Nemotron-H

Also known as: NVIDIA Nemotron-H, Nemotron hybrid, Nemotron Mamba-Transformer

Nemotron-H: NVIDIA’s family of hybrid Mamba-Transformer language models that replaces most self-attention layers with Mamba-2 state space layers, cutting inference cost at the same accuracy target while keeping a small number of attention layers for precise long-context recall.

Nemotron-H is NVIDIA’s family of hybrid Mamba-Transformer language models that replaces most self-attention layers with Mamba-2 state space layers to cut inference cost at the same accuracy target.

What It Is

Self-attention cost grows with the square of sequence length, so a model that handles a chat message cheaply chokes on a hundred-thousand-token document. Nemotron-H is NVIDIA’s answer. Rather than shrinking the model or the context window, NVIDIA changed the architecture: most self-attention layers are replaced with Mamba-2 layers — state space layers that run at constant compute and memory per generated token — and a handful of attention layers stay behind to preserve the precise recall behavior attention is known for.

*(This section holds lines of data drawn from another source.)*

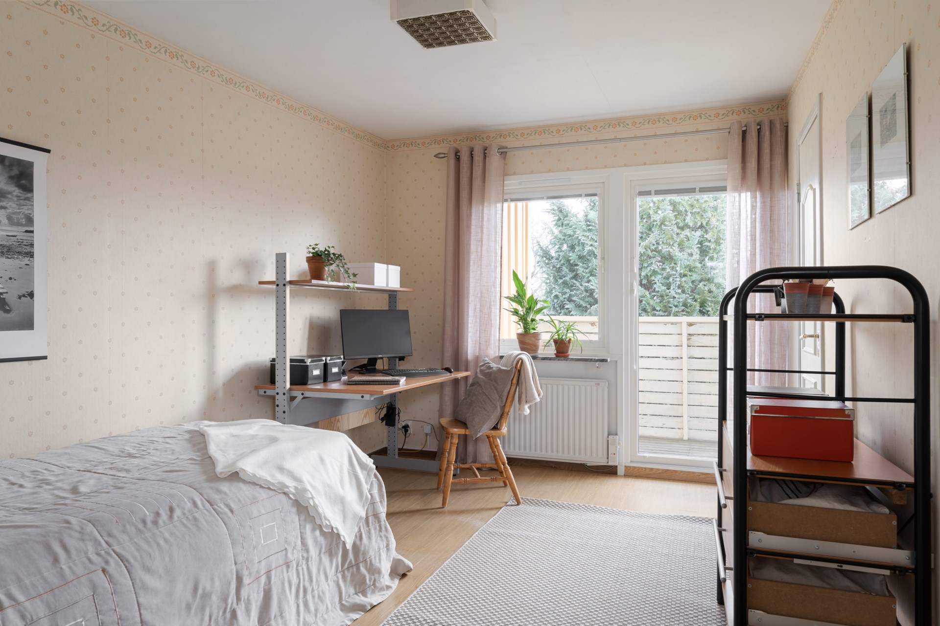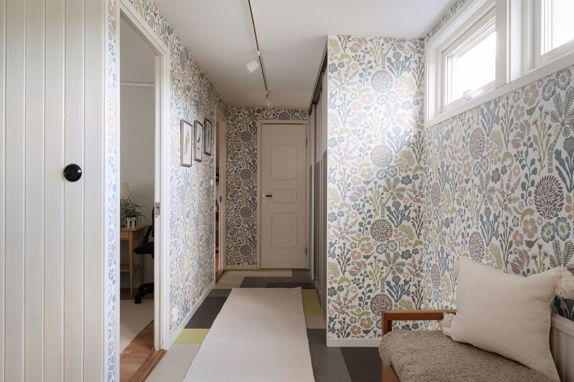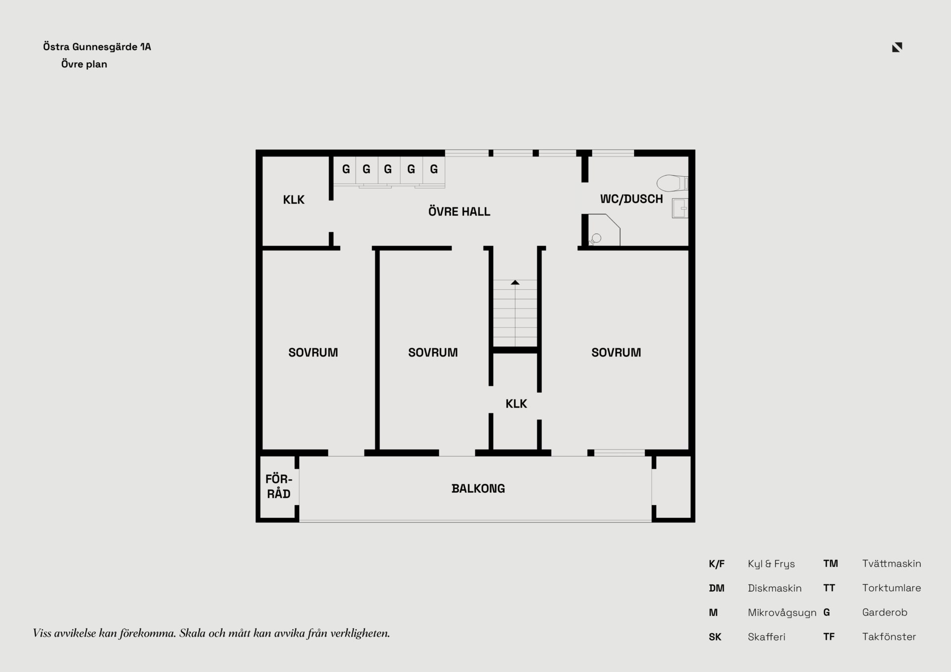 På övre plan hittar du hemmets mer privata del med tre sovrum, WC/dusch samt goda förvaringsmöjligheter i klädkammare. Härifrån nås även balkongen, som blir en härlig plats att vädra sängkläder, odla i kruka eller bara få en stund i det fria.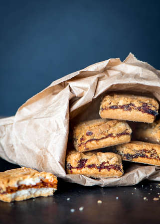 Square cookie with jam in a paper bag on dark background, with copy space.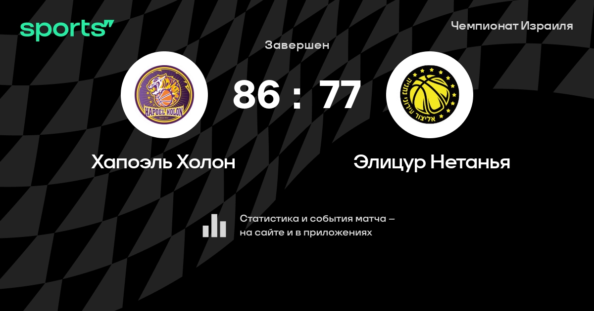 В прошедшем матче в рамках турнира Чемпионат Израиля состоялась встреча команд Хапоэль Холон - Элицур Нетанья в городе на стадионе Holon Toto Hall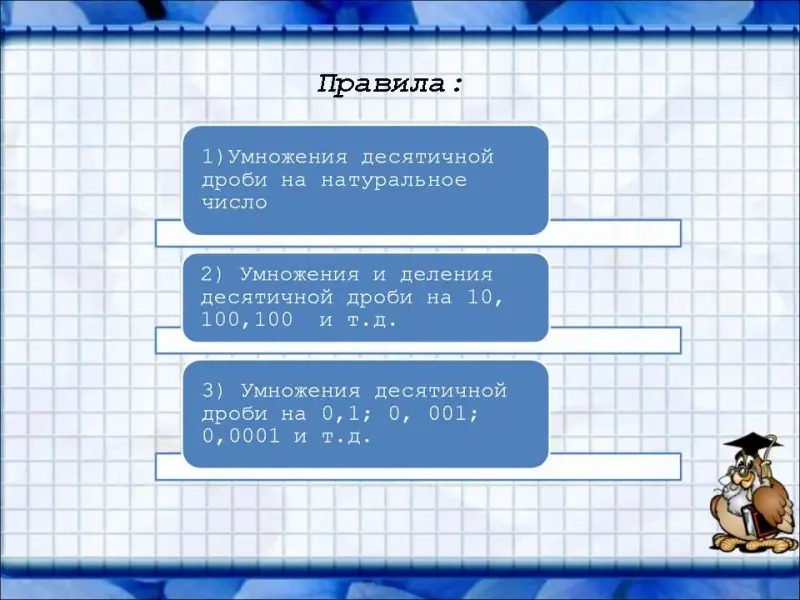 - Умножения и деления десятичной дроби на 10, 100, 100 и т.д.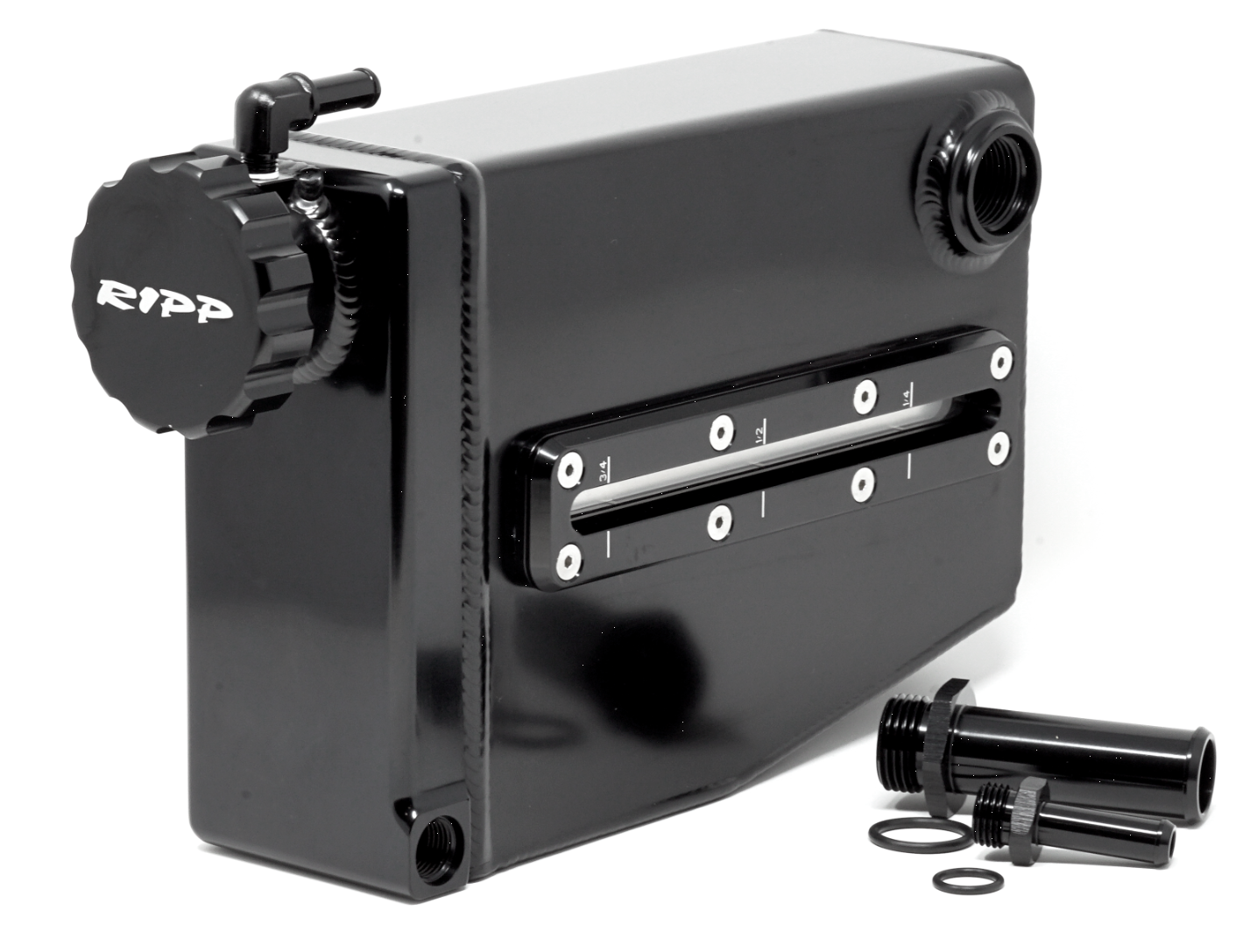 Crafted from high-quality billet aluminum, the Ripp coolant expansion tank is engineered for strength and longevity. The satin black powder coat finish not only protects against corrosion but also adds a sleek, professional look to your engine bay. The tank’s design incorporates an integrated fluid sight window, allowing you to quickly check coolant levels and condition without the need to remove the cap, enhancing convenience and safety.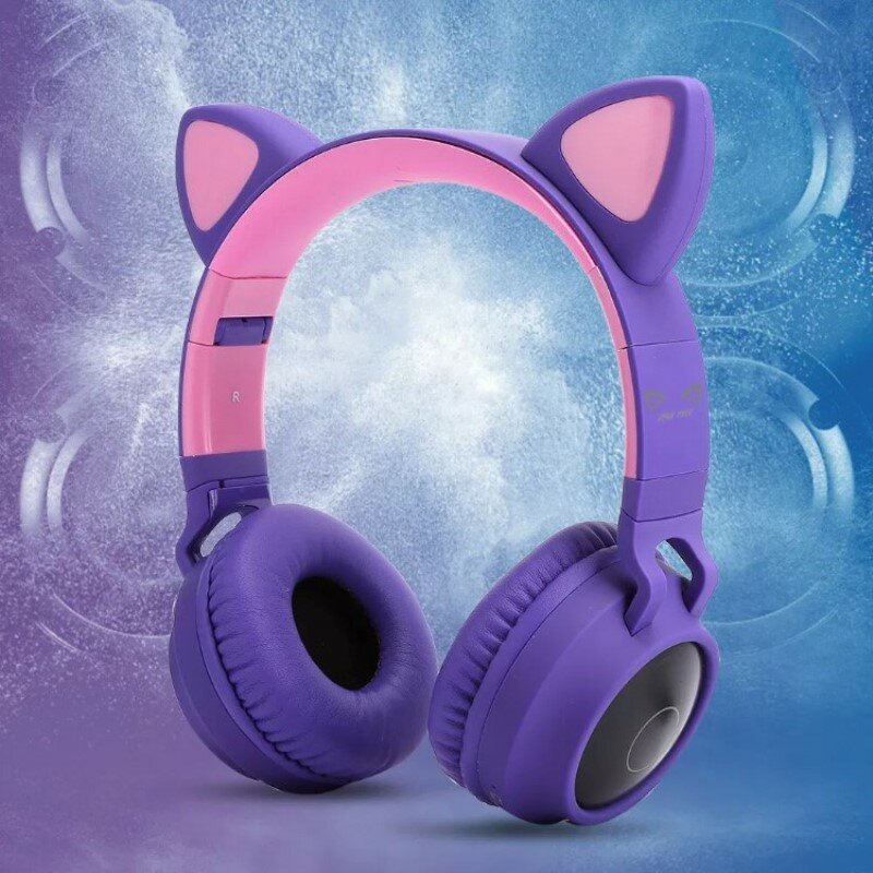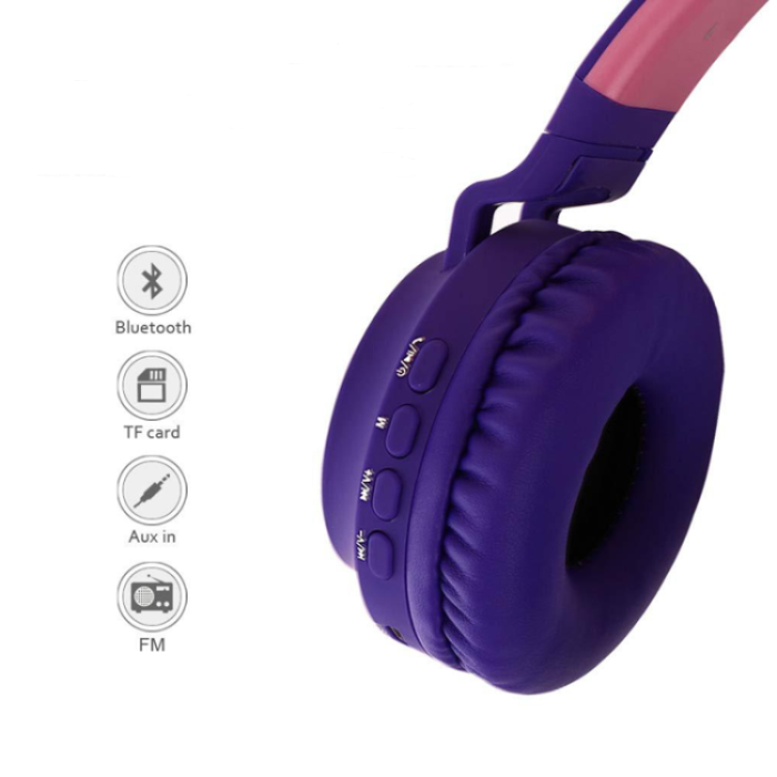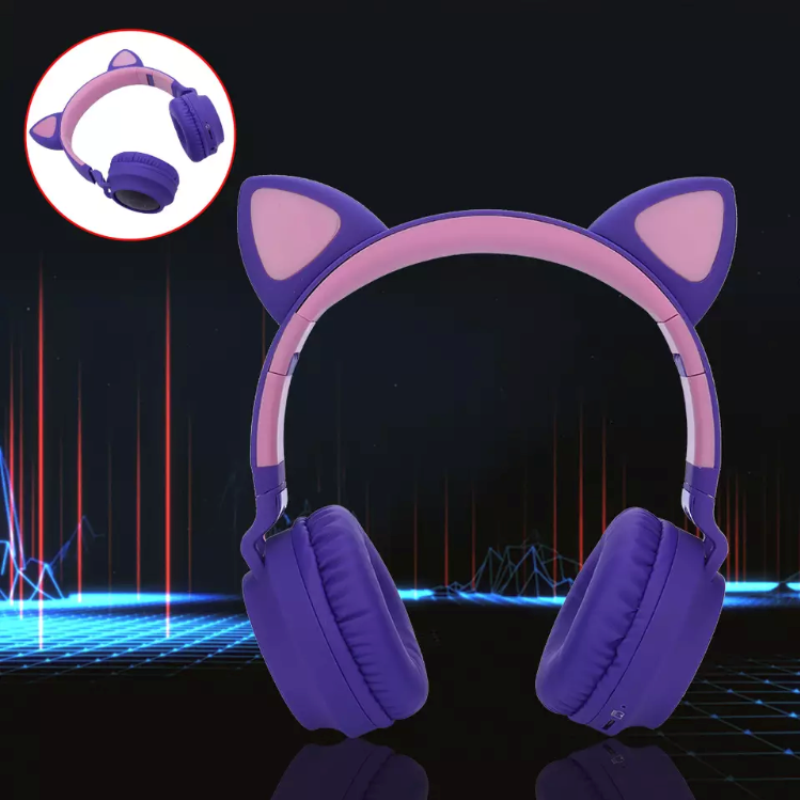 Купить YOU CAT-BT028C фиолетовые. Беспроводные наушники cat ear с ушками кошки и подсветкой.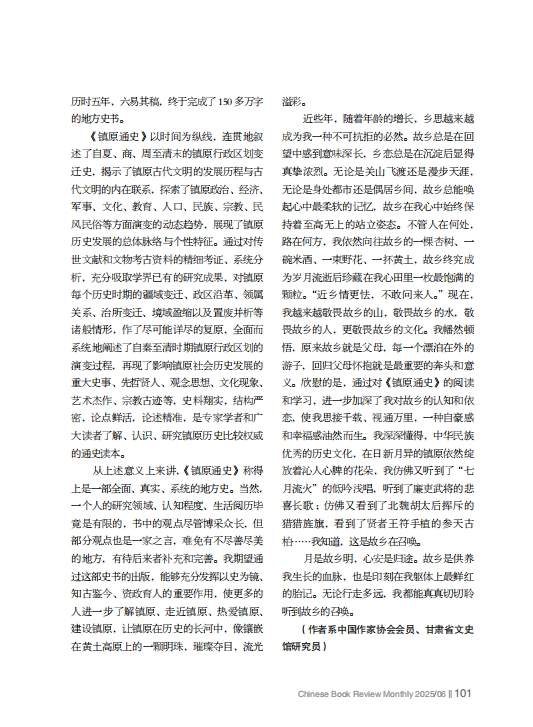從上述意義上來講,《鎮(zhèn)原通史》稱得上是一部全面、真實、系統(tǒng)的地方史。當然,一個人的研究領域、認知程度、生活閱歷畢竟是有限的,書中的觀點盡管博采眾長,但部分觀點也是一家之言,難免有不盡善盡美的地方,有待后來者補充和完善。我期望通過這部史書的出版,能夠充分發(fā)揮以史為鏡、知古鑒今、資政育人的重要作用,使更多的人進一步了解鎮(zhèn)原、走近鎮(zhèn)原、熱愛鎮(zhèn)原、建設鎮(zhèn)原,讓鎮(zhèn)原在歷史的長河中,像鑲嵌在黃土高原上的一顆明珠,璀璨奪目,流光溢彩。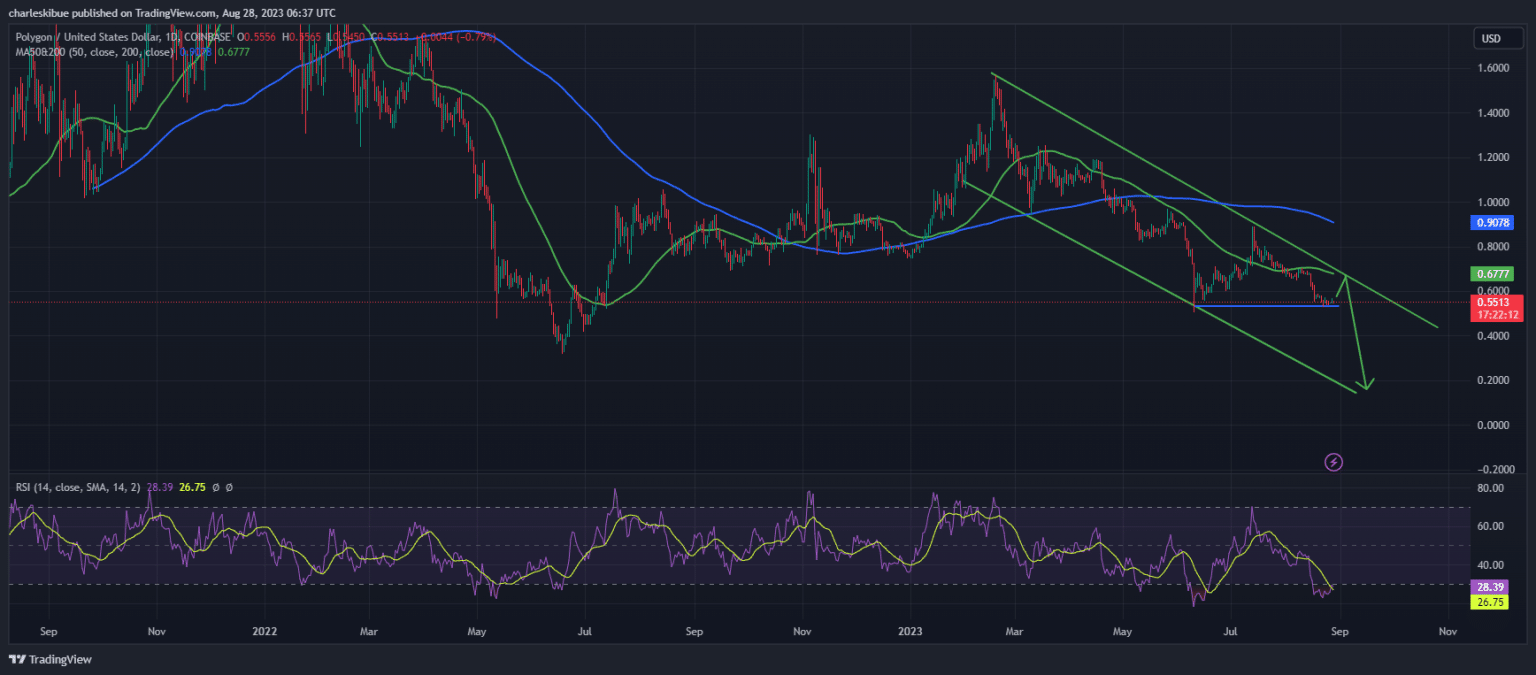 Furthermore, the MATIC price is already much below the 50-day and 200-day moving averages, currently at $0.67 and $0.90, respectively. The Relative Strength Index (RSI) reflects a short-lived recovery from the oversold zone below the 30 threshold, currently standing at 28. This implies that even though significant selling pressure persists, there are ongoing bullish attempts to push the RSI above 30.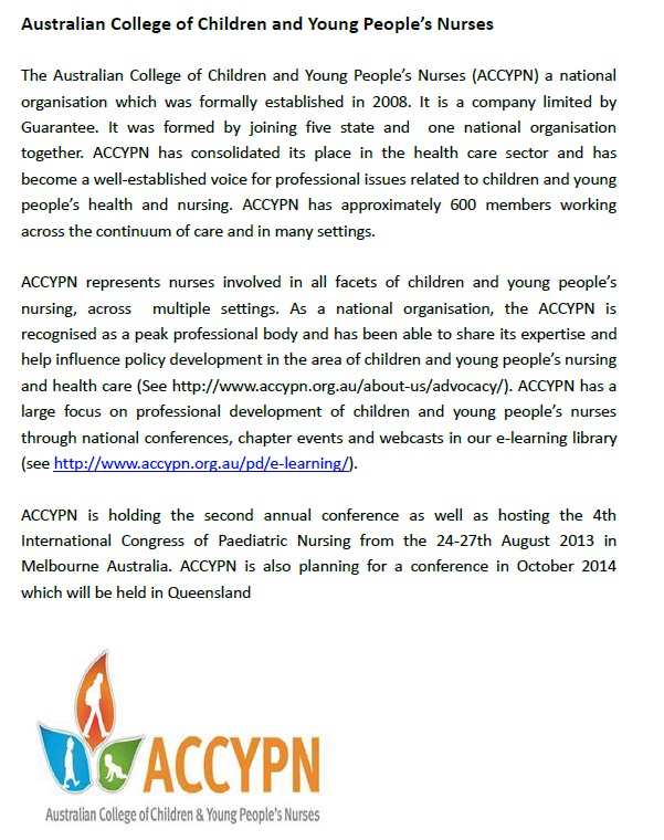 1) Australian College of Children and Young People’s Nurses,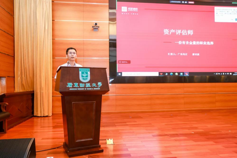 广东均正房地产土地资产评估咨询有限公司总经理廖双波以“一份有含金量的职业选择”为主题展开宣讲,重点阐释了资产评估师在国企改革、资本市场、并购重组等领域的核心价值,深入剖析了资产评估师证书的含金量来源,并详细介绍了考试报名条件、科目与备考要点,鼓励同学们尽早规划、积极报考。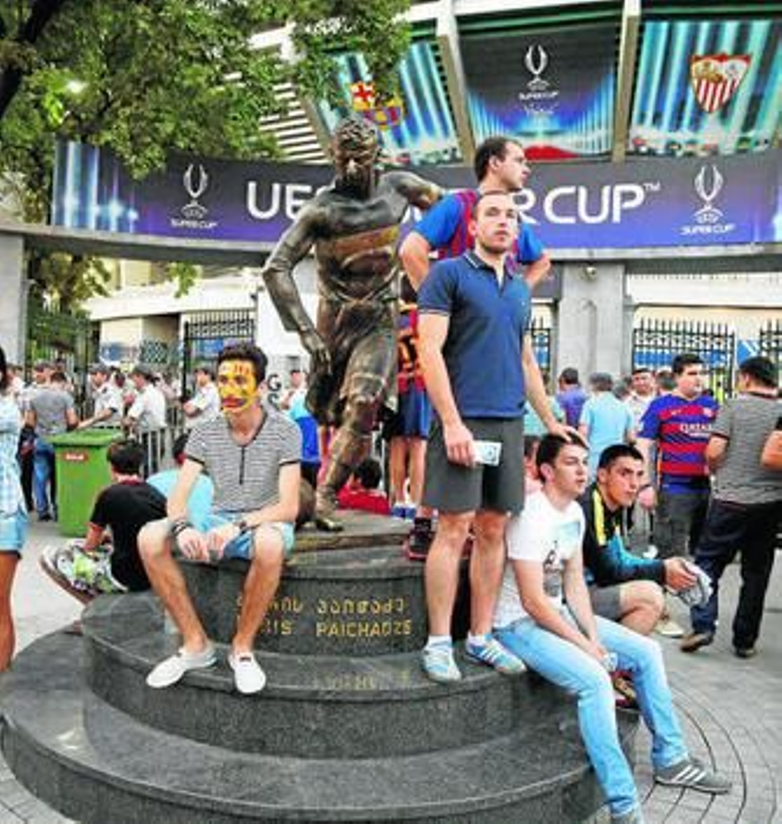 Varios hinchas ante la estatua del futbolista geogiano Boris Paichadze, que da nombre al estadio.

Think of it as a highway with a few toll gates: the toll gates are expensive, so you keep only the ones that actually earn their cost and let the rest of the traffic flow freely.

The original Nemotron-H release shipped two base models at different scales. According to NVIDIA ADLR, the family includes 8B and 56B base models, plus a compressed 47B variant derived from the 56B through NVIDIA’s MiniPuzzle pruning-and-distillation technique. The 8B internal layout tells the story clearly: according to NVIDIA ADLR, the 8B is built from 24 Mamba-2 layers, 24 MLP layers (multi-layer perceptron blocks that mix features within a token), and only 4 self-attention layers. Attention is the minority; the heavy sequence-mixing work happens in the Mamba-2 layers. Training ran at an unusually large scale for a hybrid — according to NVIDIA ADLR, the 56B was pre-trained on 20T tokens using FP8 per-tensor scaling (a low-precision numeric format that cuts memory use during training), and the 8B on 15T tokens. Data budget matters here because hybrid behaviors only emerge clearly when the model is trained on the same kind of scale as a pure Transformer of similar size.

The payoff is inference speed at parity. According to NVIDIA ADLR, Nemotron-H runs up to roughly three times faster than similarly-sized Qwen-2.5 and Llama-3.1 models at matched accuracy. That speed comes from the same idea behind every serious 2025–2026 hybrid: linear-time state propagation for most layers, exact attention for the few places recall really matters. NVIDIA later extended the recipe to reasoning workloads — according to NVIDIA ADLR, Nemotron Nano 2 is a reasoning-tuned hybrid Mamba-Transformer built on the same foundation, released in August 2025. For readers tracking state space models, Nemotron-H is one of the clearest signals that the SSM research line has reached production.

How It’s Used in Practice

Most people encounter Nemotron-H through an inference endpoint or a model card in a serving stack, not through training code. The difference shows up in cost and latency numbers rather than the prompt interface. Teams deploying Nemotron-H tend to pick it for workloads where context runs long: multi-document question answering, long transcripts, large code contexts, extended chat sessions. According to NVIDIA ADLR, the roughly three-times throughput gain over Qwen-2.5 and Llama-3.1 at comparable accuracy translates into lower serving cost per request on those long-context workloads.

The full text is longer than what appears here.